September 24 is National Voter Registration Day, a reminder of the importance of state and local elections and ballot initiatives to address racial inequity and injustice. (Photo: Alfred R. Waud, “The First Vote,” November 1867. Library of Congress.)

September 24 is National Voter Registration Day, a time to highlight democratic participation and the civic duty to get involved in local elections, register hundreds of thousands of people to vote and educate the public on the voting process. While many people focus merely on the presidential elections that take place every four years, in reality the local elections matter more in terms of the everyday issues facing the Black community. Elections do matter and they do have consequences, not only on the national level, but in the state, county and city races, all the way down to the proverbial dog catcher.

Within the Black community, leaders are taking voter registration with a sense of urgency. In Georgia, Stacey Abrams lost last year’s gubernatorial race against Brian Kemp, who was the secretary of state and engaged in voter suppression and voter roll purges while supervising his own election. The former state lawmaker has opted not to run for office this election cycle, instead forming Fair Fight to send teams to fight voter suppression in 20 battleground states in 2020, and launching Fair Count, a nonprofit organization committed to ensuring the census counts people of color, non-English speakers and other historically “hard-to-count populations” in Georgia.

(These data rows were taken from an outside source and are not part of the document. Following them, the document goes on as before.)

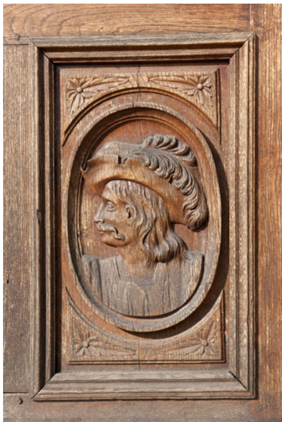
Logis (côté rue) : un des panneaux sculptés de la porte d'entrée.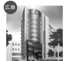
広島 穴吹デザイン専門学校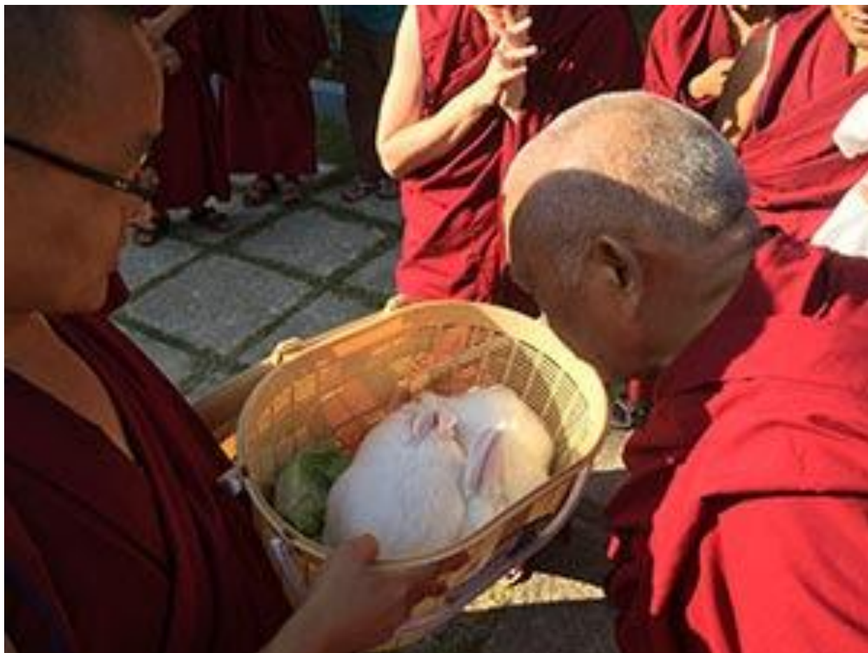
Lama Zopa Rinpoché bendiciendo conejos en Osel Labrang, Monasterio de Sera Je, enero 2016.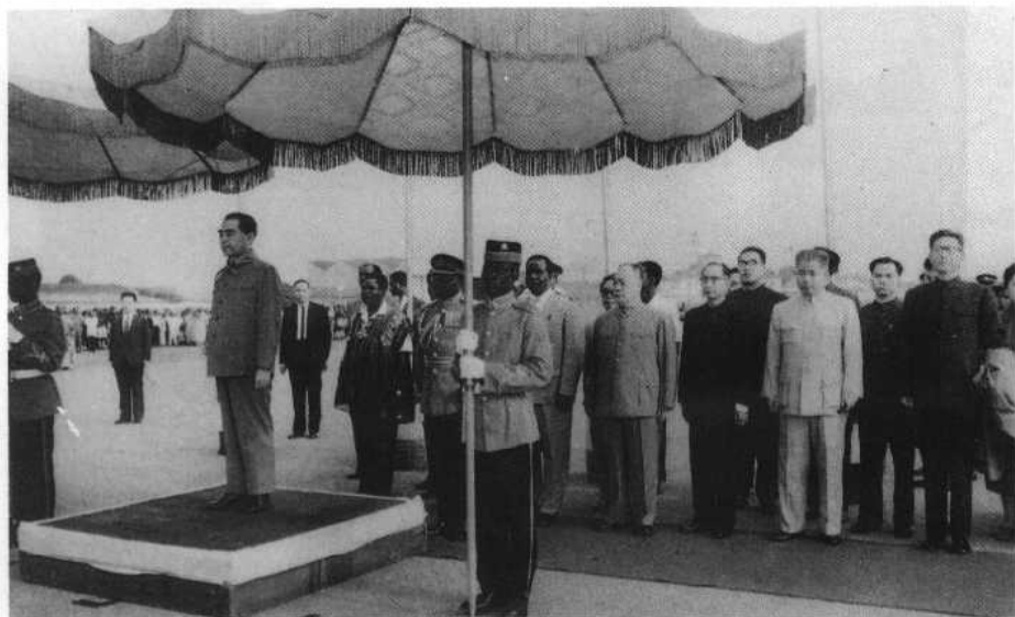
1964年1月，周恩来总理和陈毅副总理访问加纳时检阅仪仗队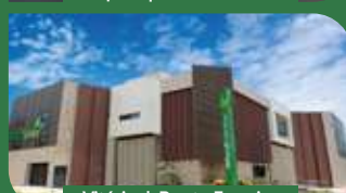
Vitória | Bento Ferreira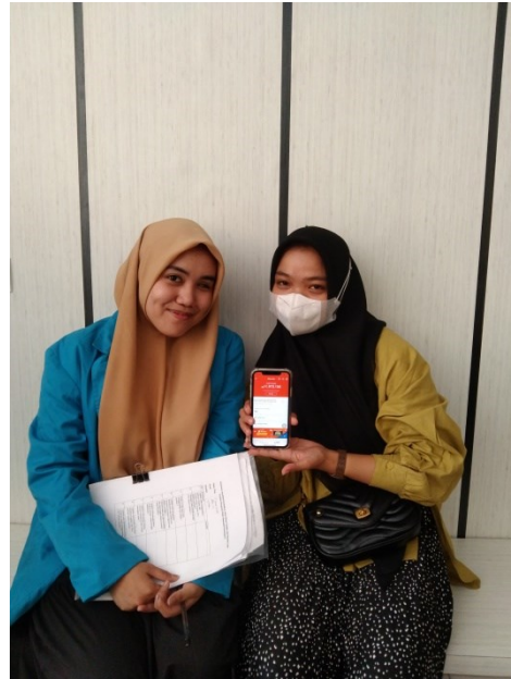
Gambar 2 wawancara dengan mahasiswa fakultas syariah prodi Hukum Keluarga Islam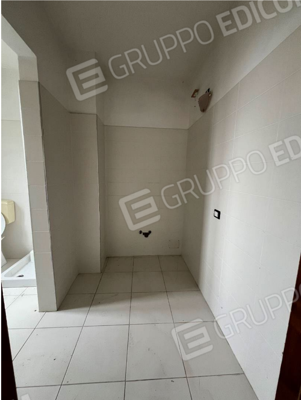
Figura 51: vista del bene 4 (prima porzione)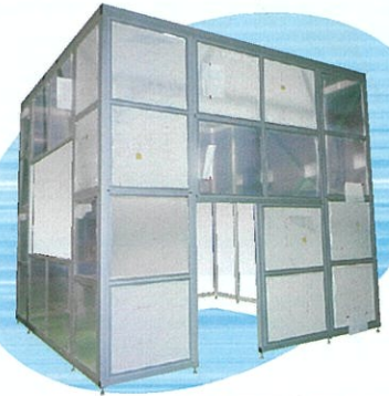
液晶製造装置G8.5 クリーンブース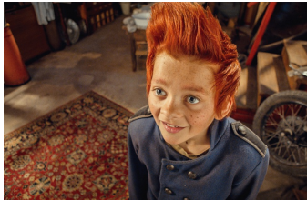
Doktor Proktors Puppulver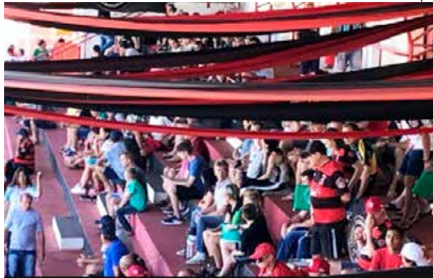
Torcedores lotaram o estádio Padre Aurélio Canzi

Em Itapiranga, o Cometa recebeu o Aliança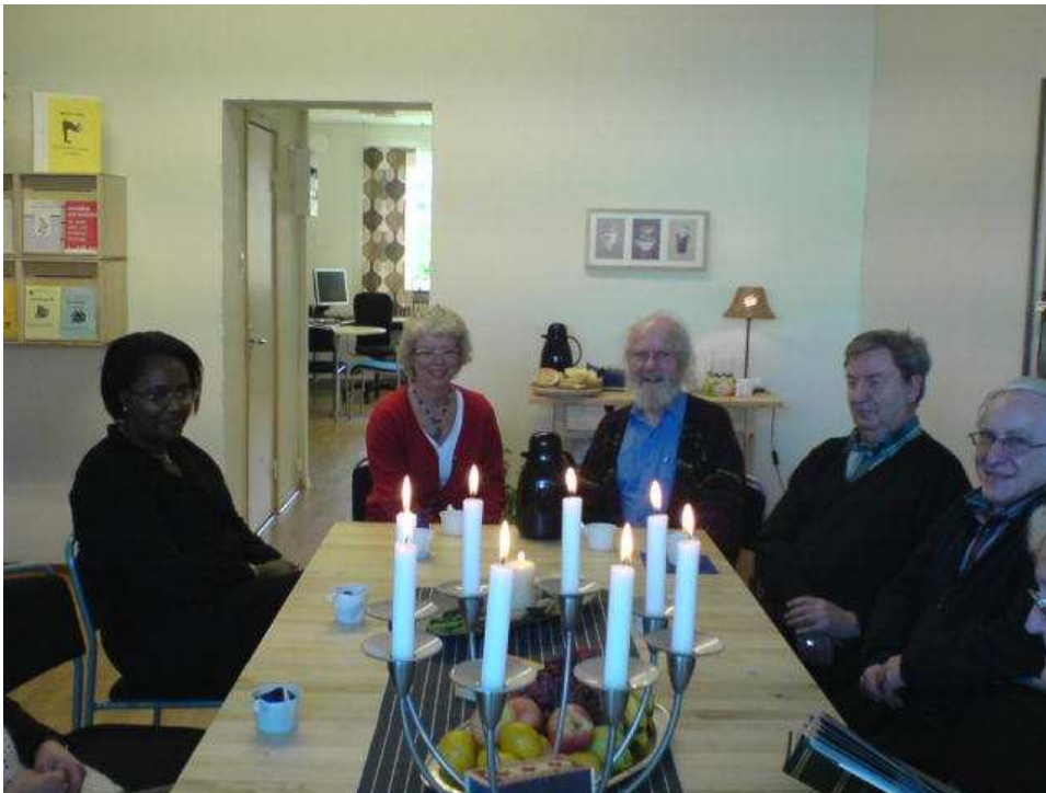
Bild: Från invigningen den 12 mars 2007 av Anhörigcentrum efter flyttningen till Torggatan.

Här kan du koppla av en stund i härlig gemenskap och trivsel. Varje gång har vi ett tema som vi kan diskutera kring. Program finns i skyltfönstret på Anhörigcentrum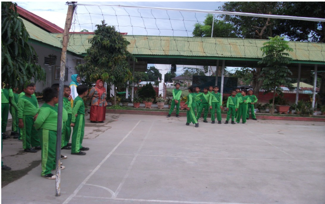
Gambar 1.15 Evaluasi siklus II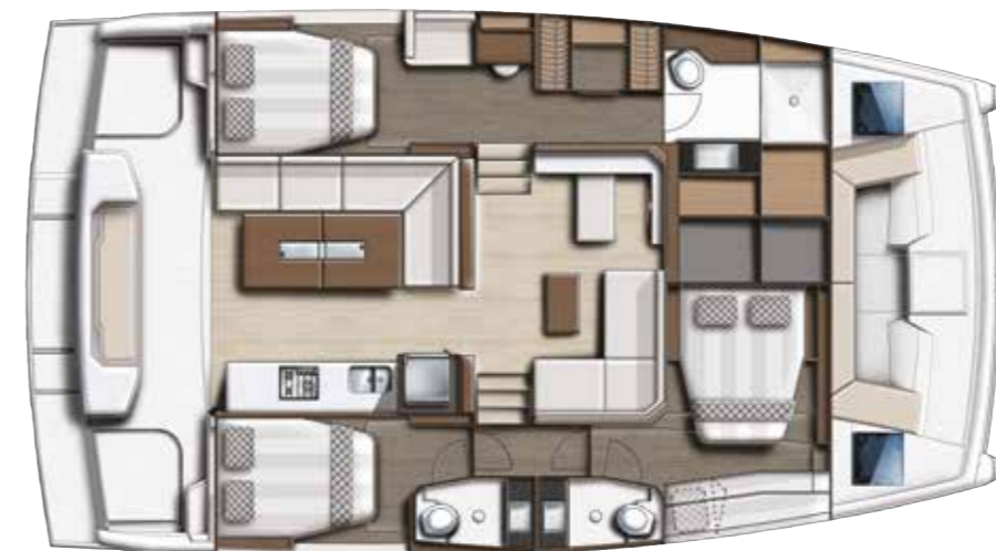
3 cabins Owner's version / Version 3 cabines propriétaire

Draft / Tirant d'eau Fresh water capacity / Eau douce Fuel capacity / Carburant Refrigerator + freezer / Réfrigérateur + congélateur Engines power / Motorisation CE CAT : 2'11" / 0.89 m up to / jusqu'à 700 L / 154 US Gal up to / jusqu'à 1400 L / 308 US Gal 272 L / 9.6 cu ft Yanmar 2 x150 up to 2 x 250 HP / CV Pending / En cours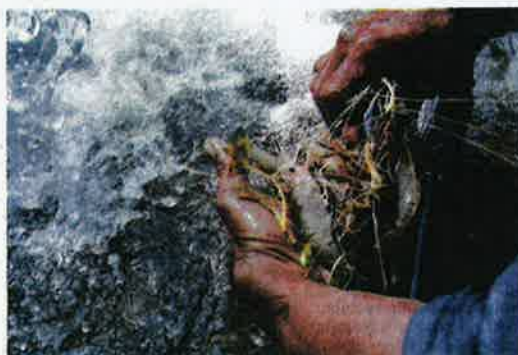
UDANG-UDANG galah dipilih mengikut saiz. Udang galah yang masih kecil saiznya akan dilepaskan semula ke dalam kolam.

Katanya, pulangan lumayan hasil ternakan udang galah telah membuka matanya bahawa bidang ternakan itu memiliki pulangan ekonomi yang baik.

When communities of color are undercounted, according to Abrams, resources are forfeited. “If we don’t count black men in Georgia, for example,” Abrams said, “if the predicted undercount happens, it’s $150 million a year that is lost in the state. That’s real money. That’s health care. That’s access to education.”

Abrams — who received more votes than any Democrat in the history of Georgia elections and has refused to concede after losing by a razor-thin margin — believes her 2018 race provides a playbook for Democrats to win in 2020 by seeking unlikely voters rather than swing voters in this heavily Black state. Two U.S. Senate seats are up for grabs in Georgia next year.    

The Poor People’s Campaign under Rev. William Barber will tour at least 22 states this month to help disenfranchised communities register to vote. The campaign is championing a “new electorate” of low-income voters, who have a lower level of voter participation and could determine election outcomes.

Throughout the country, the importance of voting and the consequences of staying at home are clear. On the state level, for example, the party that controls the legislature typically draws the electoral map, and with it, determines how districts are shaped and how resources are distributed to the public. State legislatures draw congressional districts in 31 states, and state legislative districts in 30 states. In some cases, state legislatures engage in racial and partisan gerrymandering —- shaping, distorting and manipulating districts to drown out and disempower Black voters, all for the purpose of maintaining conservative majorities. While both parties have a history of gerrymandering, Republicans are now benefiting the most from the practice and have turned it into a science.

A most extreme example of racial gerrymandering took place in North Carolina, where a state court ordered the Republican state legislature to redraw the state legislative districts due to “extreme partisan gerrymandering.” While North Carolina Republicans received fewer than half of the votes in the 2018 elections, the GOP controls 29 of 50 seats in the state Senate, and 65 of 120 seats in the state House.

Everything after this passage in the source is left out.